Quoteworthy: “It was certainly calculating, but I wouldn’t call it Trig.” – oh, Aria. Zing. Zing.

PS Mona is stalking Byron.

PPS Pissing of Mona probably wasn’t your best idea ever, Hanna.

“Channing Tatum is a Fine Actor” – Bunheads


Okay, so this episode wasn’t the same level of hands-down-amazing as last week’s, but it still blew the competition out of the water. Not that it’s easy to find Bunheads’ competition. It’s a show that stands out not just because of its quality but because there are simply no other shows quite like it. It fills the niche left gaping by the loss of Gilmore Girls – a show that’s just about people, without any of the high school drama, without any of the mysteries and secretiveness, and without any of the forced storylines that so frequently people teen shows these days. Its closest comparisons have to be to shows like MTV’s Awkward., but it seems increasingly likely that writer Amy Sherman has created her very own genre. And I love it.

But I got a little side-tracked there.
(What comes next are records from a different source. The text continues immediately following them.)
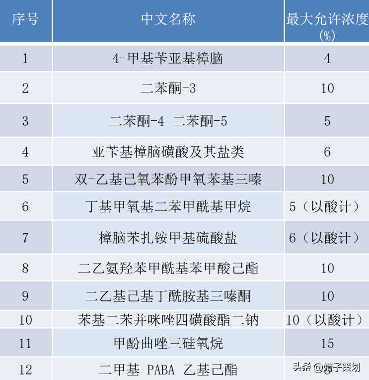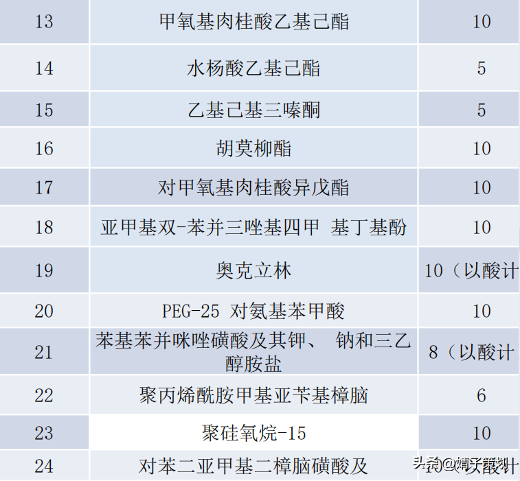 1.不得宣稱“高倍防曬”;2.化學(xué)防曬劑≦3種;3.物理防曬劑總量≦25%;4.SPF值≦30
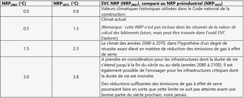 | NRP2001 :1,5°C / Milieu du siècle | 1.5 | 0.2 |
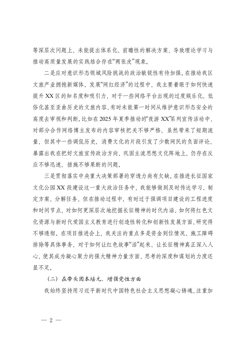 标题:党员干部2025年度民主生活会个人对照检查材料五个带头
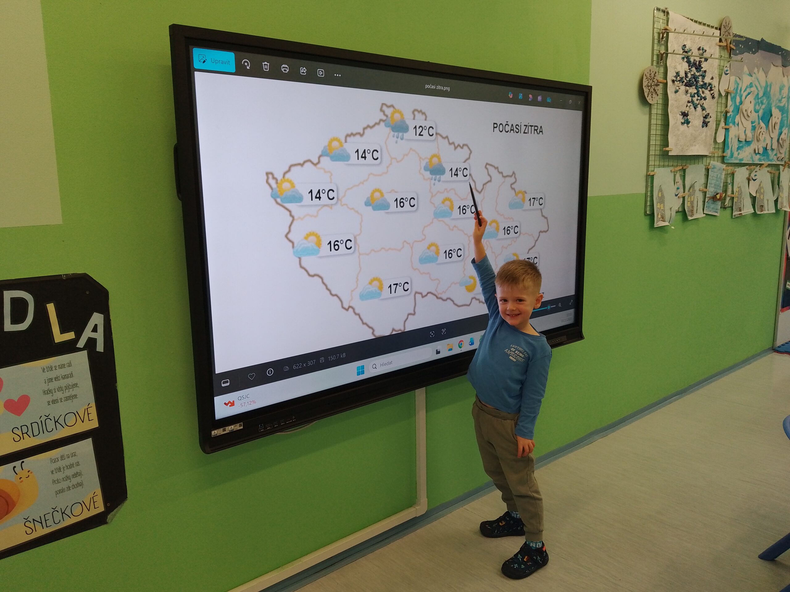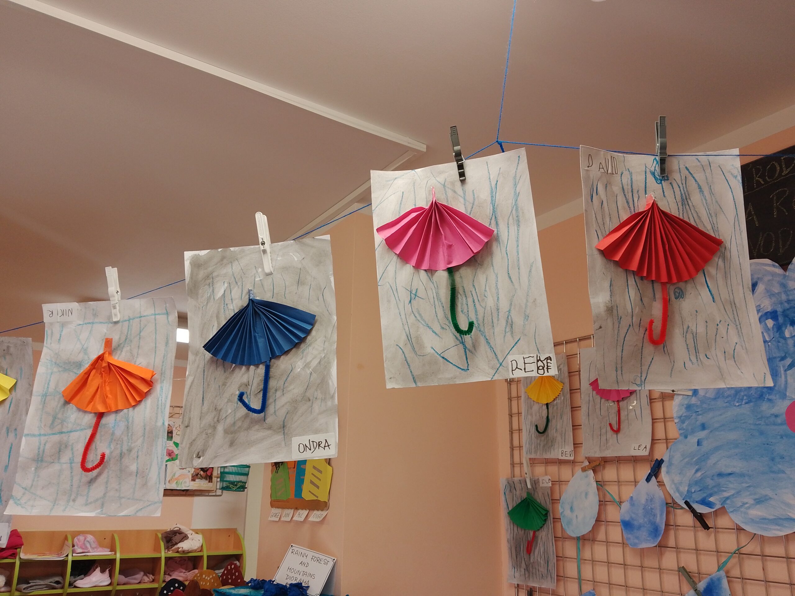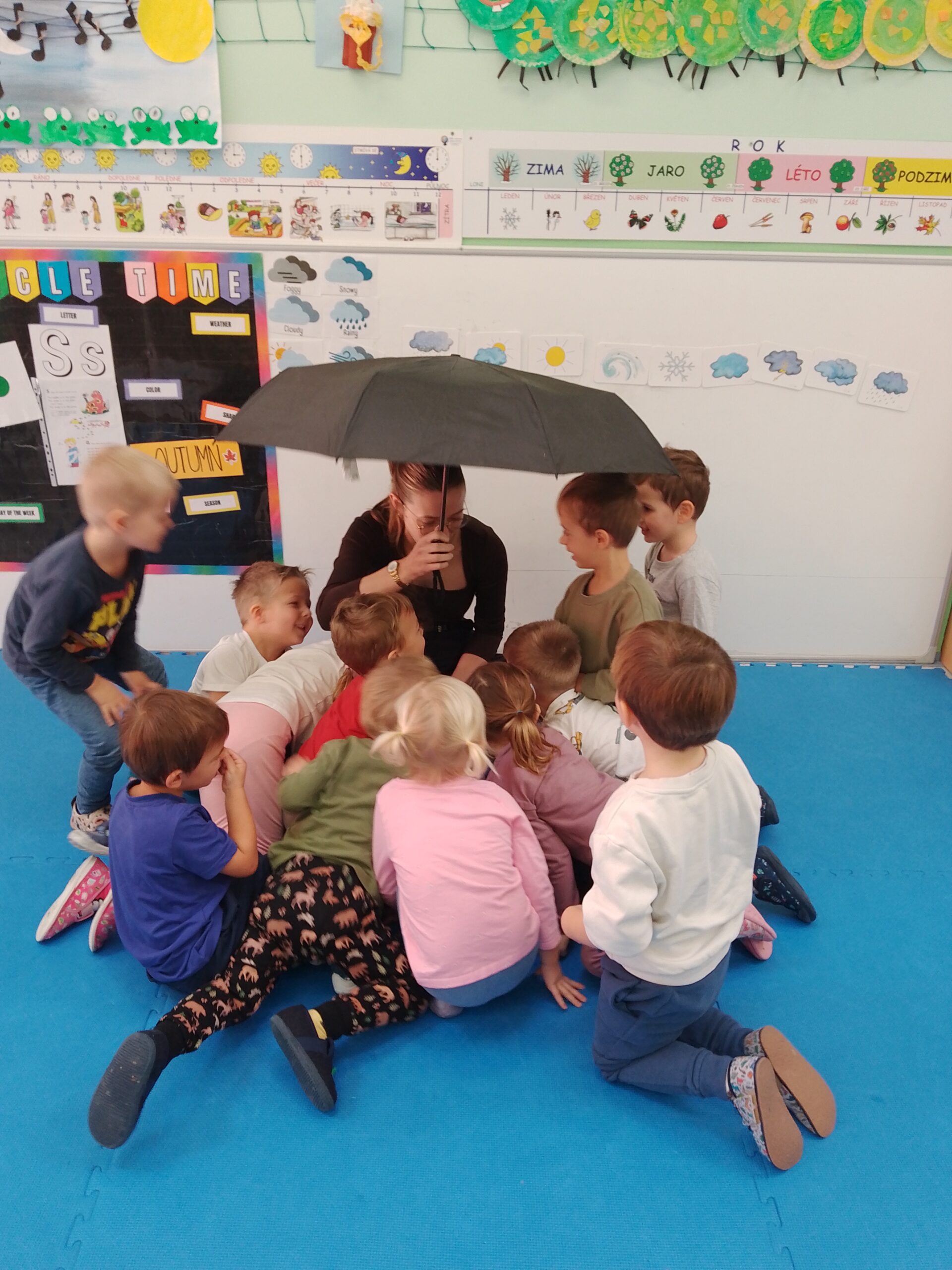 Počasí a roční období. Samozřejmě jsme si zopakovali roční období a vysvětlili si, proč a jak se mění. Všichni jsme si vyzkoušeli, jaké to je předpovídat počasí. Ve školce jsme měli hezkou návštěvu od H2ospodářů s jejich interaktivní kapičkou Jarmilkou a dozvěděli se spoustu informací o vodě a počasí. Pomocí vodovek jsme si vytvořili deštivé počasí a skládačkou jsme vyrobili krásné deštníky. Zpívali jsme světoznámou písničku „Prší prší“ ve zlepšené verzi a naučili se novou básničku o počasí. Podzim se nám nahlásí: Nesu chladné počasí! Ranní mlhy, kapky deště, chcete k tomu vítr ještě? Namaluji listy stromům, pak je sfouknu na zem k domům, udělám z nich nakonec, pěkně pestrý koberec. V příštím týdnu máme další zajímavé téma a to je KOLOBĚH VODY.

This wasn’t as amazing as last week’s return from that interminable hiatus, but it was still great. It achieved that hard-to-come-by balance between packing a lot into 42 minutes and not feeling crowded. As is always the case with Amy Sherman’s efforts, the pace is fast and the action frequent. But I never felt like there was too much going on, or that any one aspect could easily have been forgone in exchange for some breathing room. In fact, it was enough to make me wonder if the only reason her characters talk so fast is so that they can fit all the fantastic material into the 42-minute format.

We branched out a little from ballet this week to take a closer look at the girls’ school. This was a welcome break and gave us a chance to stray away from the studio before we get too bored of it. No one could ever complain about opening a show’s universe up to the audience a little more. But with this new location Sherman runs the risk of turning her show into something more suited to The CW so, hopefully, this week’s trip over high school way was just a plot device to introduce us to Ginny’s new love interest and Sasha’s new nemesis, not an indication of things to come.

Though it might just be, as this week did seem to be the week of shaking things up. While Boo and Carl both ‘met the parents’ and, because of it, grew closer and more stable as a couple (I can’t love Carl enough as a character), everything else was a little more up in the air. Truly has been locked out of her store by the landlady (who is, incidentally, the sister from whom she ‘stole’ Hubble; played by Liza Weil, Scandal, Gilmore Girls, ER) and is, as a result, using Michelle’s house as a dress shop. Those two new students – brother and sister, Frankie (relative newcomer Niko Pipaj) and Cozette (Jeanine Mason, The Bling Ring) – promise to make things interesting in Paradise, giving Ginny someone to moon over and Sasha someone bizarrely accomplished to compete with. And, most drastic shake up of all, Sasha’s parents have split up for good. Her father is moving to San Jose with his boyfriend, and her mother is moving back to LA. Sasha is, so far, refusing to go with either of them and is determined to finish out high school in Paradise.

Will she convince Michelle to become her adoptive mother until she finishes school? It seems the most likely scenario, but only time will tell. – K


“There’s no whale in The Great Gatsby.”

“Are you joking? Where the hell is this stinker going if there’s no whale?”

– Sasha, Melanie

PS Someone as accomplished as Cozette is usually, in shows like this, incredibly smug and annoying, and this is no exception. But, damn. That girl can dance.